Cuatro casetas comerciales resultaron afectadas por un incendio registrado en la madrugada de este miércoles 24 de diciembre en el parque San Bernardino. El hecho ocurrió entre la medianoche y la 1:00 de la mañana, cuando comerciantes del sector fueron alertados por la comunidad sobre las llamas.
En el corregimiento de San Bernardo, zona rural de Ibagué, un incendio en las casetas fabricadas en madera que están ubicadas alrededor del Parque Principal, el cual alcanzó cuatro de ellas, pertenecientes a tres mujeres emprendedoras de este punto poblado.
La Voz del Pueblo habló con Marcela Devia, una de las propietarias afectadas, señaló que el fuego se propagó rápidamente debido a que las estructuras eran de madera y agradeció la reacción inmediata de vecinos y comerciantes, quienes utilizaron canecas, mangueras y otros elementos disponibles, se evitó que el incendio se extendiera a las demás casetas del parque.
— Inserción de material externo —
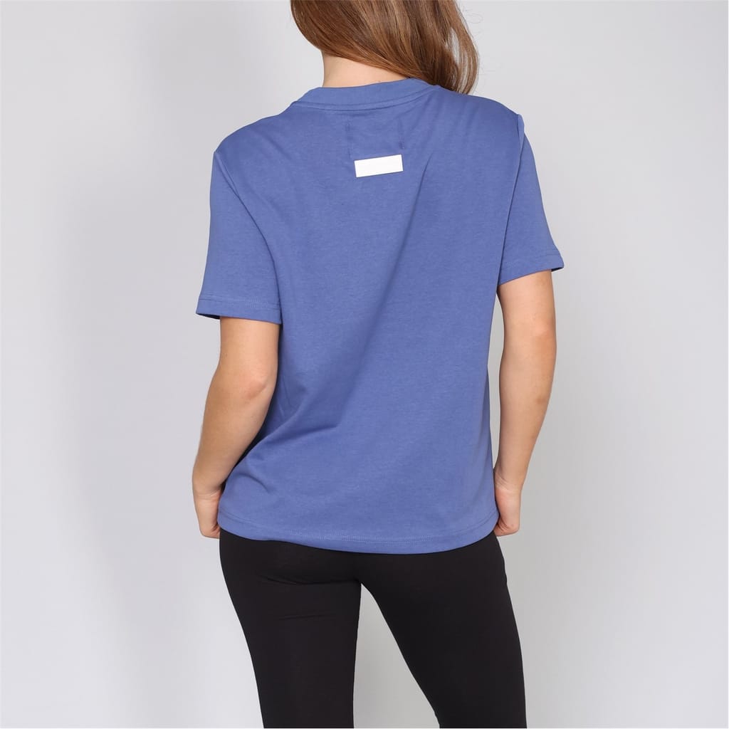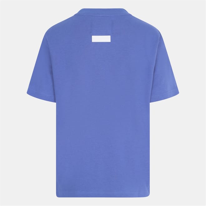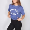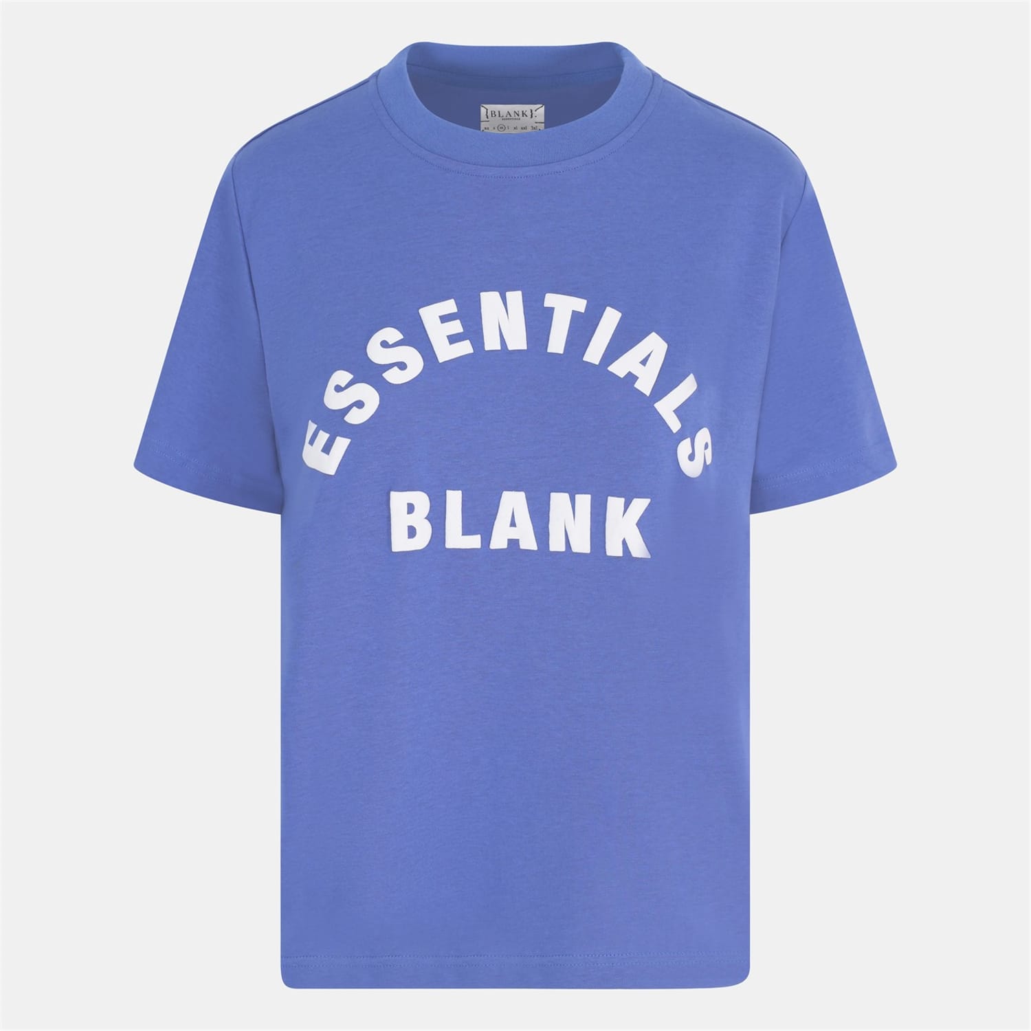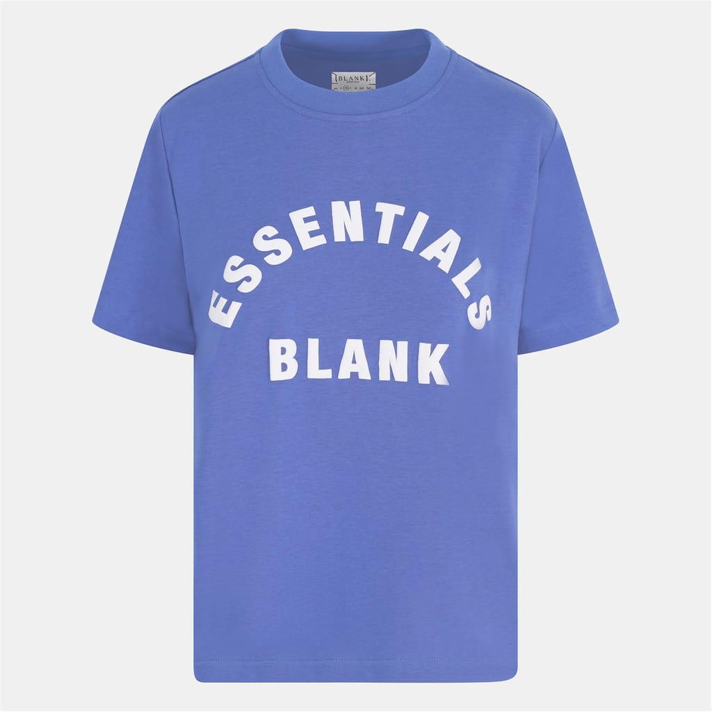 Discover the Blank Essentials top, featuring an oversize fit and short sleeves. This essential piece showcases a crew neck and a ribbed collar, complemented by a straight hem. The graphic print with arch lettering adds a distinctive touch, making it a versatile addition to your wardrobe. -

En total, en el lugar funcionan 15 emprendimientos, de los cuales cuatro, ubicados en el centro del parque, fueron los afectados. Los negocios pertenecían a Xiomara Roa, su prima Luisa Roa, y la líder comunal Marcela Devia. Las pérdidas incluyen la estructura completa de las casetas, congeladores, neveras, licuadoras, mesas, sillas, maquinaria, utensilios y productos destinados a la temporada navideña.
De acuerdo con Marcela, las casetas contaban con servicio de energía eléctrica formal y medidores individuales. Las luces decorativas suelen desconectarse en horas de la noche y, hasta el momento, se desconocen las causas del incendio.
“Gracias a Dios y a toda la comunidad, todo San Bernardo, estaban con canecas, mangueras, apagando porque eso es en madera, en estiba y pues eso es rápido que la candela se lleva todo, pero solo logró quemarse cuatro”, dijo Marcela.
Añadió la emprendedora: “Hay una caseta que se llama sobre un árbol representativos del parque San Bernardo. Estas casetas estaban como congeladores, neveras, surtidos porque es Navidad, pues pensábamos trabajar 25, 26, 27, 28 y dejé hasta el 2 de enero que es lo fuerte”.
Al amanecer, las personas afectadas regresaron al lugar para evaluar los daños, sin tener claridad sobre cómo continuar con sus actividades tras la pérdida total de sus herramientas de trabajo.